The natural variability of hitching, of not being able to plan around catching a hitch during an exact time frame was and is the most challenging aspect of hitching for me. A life of catching 10:54 am/pm flights (even when delayed) has led me to associate traveling, at least the flying part of it, with detailed planning centered around traffic to the airport, whether I’m checking luggage, am expecting an upgrade, weather, delays with TSA, etc.  As a natural planner, I developed a rhythm and routine around flying, that while never perfect, was manageable and worked well for me. That’s not quite how it works with hitching in Botswana, there’s a serendipity to it that takes a bit of getting used to when you’re a frequent flyer like me, or like I used to be. Having said that I’ve never waited any longer than 30 minutes to get a hitch out of Sowa and the longest I’ve waited since I’ve been here is 1 hour for a hitch that never materialized between Maun and Ghanzi, so I just went back to the bus station (rank) in Maun and caught a mini-bus to Ghanzi. I’ve heard stories of PC Volunteers and others waiting up to 4 or 5 hours for a hitch but those are pretty extreme examples. My average wait time to get a hitch out of Sowa has been about 15 minutes which is not so bad and often the hitch is faster than public transportation.

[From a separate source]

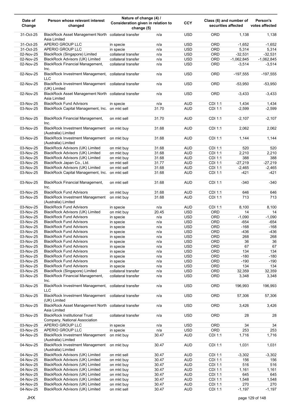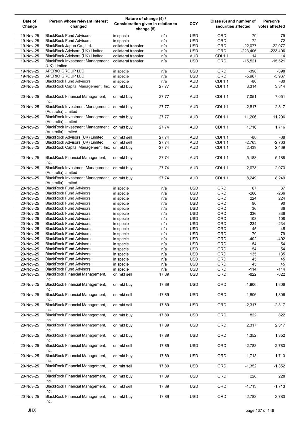 Date of Change Person whose relevant interest changed Nature of change (4) / Consideration given in relation to change (5) Class (6) and number of securities affected Person's votes affected CCY 22-Oct-25 APERIO GROUP LLC in specie n/a USD ORD -307 -307 22-Oct-25 APERIO GROUP LLC in specie n/a USD ORD -1,251 -1,251 23-Oct-25 BlackRock Institutional Trust Company, National Association in specie n/a AUD CDI 1:1 13,778 13,778 23-Oct-25 BlackRock Fund Advisors in specie n/a AUD CDI 1:1 1,580 1,580 23-Oct-25 BlackRock Capital Management, Inc. on mkt sell 33.37 AUD CDI 1:1 -1,502 -1,502 23-Oct-25 BlackRock Investment Management (Australia) Limited on mkt sell 33.37 AUD CDI 1:1 -408 -408 23-Oct-25 BlackRock Investment Management (Australia) Limited on mkt sell 33.37 AUD CDI 1:1 -7,879 -7,879 23-Oct-25 BlackRock Advisors (UK) Limited on mkt buy 33.41 AUD CDI 1:1 2,968 2,968 23-Oct-25 BlackRock Institutional Trust Company, National Association on mkt sell 33.41 AUD CDI 1:1 -30,356 -30,356 23-Oct-25 BlackRock Japan Co., Ltd. on mkt sell 33.41 AUD CDI 1:1 -6,483 -6,483 23-Oct-25 BlackRock Financial Management, Inc. on mkt sell 33.41 AUD CDI 1:1 -6,844 -6,844 23-Oct-25 BlackRock Financial Management, Inc. on mkt buy 33.41 AUD CDI 1:1 1,194 1,194 23-Oct-25 BlackRock Institutional Trust Company, National Association on mkt buy 33.41 AUD CDI 1:1 6,029 6,029 23-Oct-25 BlackRock Fund Advisors in specie n/a USD ORD -436 -436 23-Oct-25 BlackRock Fund Advisors in specie n/a USD ORD -134 -134 23-Oct-25 BlackRock Fund Advisors in specie n/a USD ORD -180 -180 23-Oct-25 BlackRock Fund Advisors in specie n/a USD ORD 135 135 23-Oct-25 BlackRock Fund Advisors in specie n/a USD ORD 79 79 23-Oct-25 BlackRock Fund Advisors in specie n/a USD ORD 112 112 23-Oct-25 BlackRock Fund Advisors in specie n/a USD ORD 18 18 23-Oct-25 BlackRock Fund Advisors in specie n/a USD ORD -2,616 -2,616 23-Oct-25 BlackRock Fund Advisors in specie n/a USD ORD 79 79 23-Oct-25 BlackRock Fund Advisors in specie n/a USD ORD -218 -218 23-Oct-25 BlackRock Fund Advisors in specie n/a USD ORD -342 -342 23-Oct-25 BlackRock Fund Advisors in specie n/a USD ORD 45 45 23-Oct-25 BlackRock Fund Advisors in specie n/a USD ORD 54 54 23-Oct-25 BlackRock Japan Co., Ltd. collateral transfer n/a USD ORD -474,700 -474,700 23-Oct-25 BlackRock Advisors (UK) Limited collateral transfer n/a USD ORD -641,916 -641,916 23-Oct-25 BlackRock Investment Management (UK) Limited collateral transfer n/a USD ORD 1,096,753 1,096,753 23-Oct-25 APERIO GROUP LLC in specie n/a USD ORD -110 -110 23-Oct-25 APERIO GROUP LLC in specie n/a USD ORD -3,637 -3,637 24-Oct-25 BlackRock Fund Advisors in specie n/a AUD CDI 1:1 1,056 1,056 24-Oct-25 BlackRock Investment Management (Australia) Limited on mkt sell 34.14 AUD CDI 1:1 -936 -936 24-Oct-25 BlackRock Investment Management (Australia) Limited on mkt sell 34.14 AUD CDI 1:1 -199 -199 24-Oct-25 BlackRock Investment Management (Australia) Limited on mkt buy 34.13 AUD CDI 1:1 1,144 1,144 24-Oct-25 BlackRock Investment Management (Australia) Limited on mkt buy 34.13 AUD CDI 1:1 5,720 5,720 24-Oct-25 BlackRock Advisors (UK) Limited on mkt buy 34.13 AUD CDI 1:1 1,484 1,484 24-Oct-25 BlackRock Advisors (UK) Limited on mkt buy 34.13 AUD CDI 1:1 1,008 1,008 24-Oct-25 BlackRock Advisors (UK) Limited on mkt buy 34.13 AUD CDI 1:1 378 378 24-Oct-25 BlackRock Advisors (UK) Limited on mkt sell 34.13 AUD CDI 1:1 -145 -145 24-Oct-25 BlackRock Advisors (UK) Limited on mkt sell 34.13 AUD CDI 1:1 -1,665 -1,665 24-Oct-25 BlackRock Advisors (UK) Limited on mkt sell 34.13 AUD CDI 1:1 -1,665 -1,665 24-Oct-25 BlackRock Advisors (UK) Limited on mkt sell 34.13 AUD CDI 1:1 -333 -333 24-Oct-25 BlackRock Investment Management (UK) Limited on mkt sell 34.13 AUD CDI 1:1 -1,863 -1,863 24-Oct-25 BlackRock Investment Management (Australia) Limited on mkt sell 34.13 AUD CDI 1:1 -11,789 -11,789 24-Oct-25 BlackRock Investment Management (Australia) Limited on mkt sell 34.13 AUD CDI 1:1 -2,506 -2,506 24-Oct-25 BlackRock Investment Management (UK) Limited on mkt sell 34.13 AUD CDI 1:1 -23,448 -23,448 24-Oct-25 BlackRock Fund Advisors in specie n/a AUD CDI 1:1 2,534 2,534 24-Oct-25 BlackRock Fund Advisors in specie n/a USD ORD 560 560 24-Oct-25 BlackRock Fund Advisors in specie n/a USD ORD -114 -114 24-Oct-25 BlackRock Fund Advisors in specie n/a USD ORD 36 36 24-Oct-25 BlackRock Fund Advisors in specie n/a USD ORD 1,323 1,323 24-Oct-25 BlackRock Fund Advisors in specie n/a USD ORD 45 45 24-Oct-25 BlackRock Fund Advisors in specie n/a USD ORD 336 336 24-Oct-25 BlackRock Japan Co., Ltd. collateral transfer n/a USD ORD 291,000 291,000 24-Oct-25 BlackRock (Singapore) Limited collateral transfer n/a USD ORD 3,535 3,535 JHX page 125 of 148

So it comes down to convenience, necessity (if you live in a more remote area) and economics. American/Western notions of hitching being “cool” or “anti-establishment,” or even dangerous are either outdated or not culturally relevant here in Botswana. Beyond convenience and necessity it really is “the economy stupid” to quote a former President. It is expensive to own a car in Botswana relative to the average salary and petrol (gas) is pricey as well, the equivalent of about $6.50/gallon at current conversion rates. There’s no romance to hitching here and unless you catch a ride in a truck going to Zimbabwe or Zambia there’s little danger, unless your driver has been drinking, something you definitely need to look out for on weekends and toward the end of the month when most people here get paid. And often, there’s not much interaction between driver and passengers/hitching, beyond the initial negotiation of price. Yes, you are expected to pay to hitch here, which in many ways means hitching can be considered a form of public transportation here in Botswana. The “fare” is generally the equivalent bus fare for your route. When I hitch from Sowa to Francistown it’s expected I pay the driver 30-35 Pula as the regular bus fare is P34.80. Most people who pick up hitchers here do so to supplement/offset the cost of petrol which is the main reason it is safe and accepted to hitch here. So if you can live with the “serendipity” of hitching it’s a pretty decent way to get around Botswana.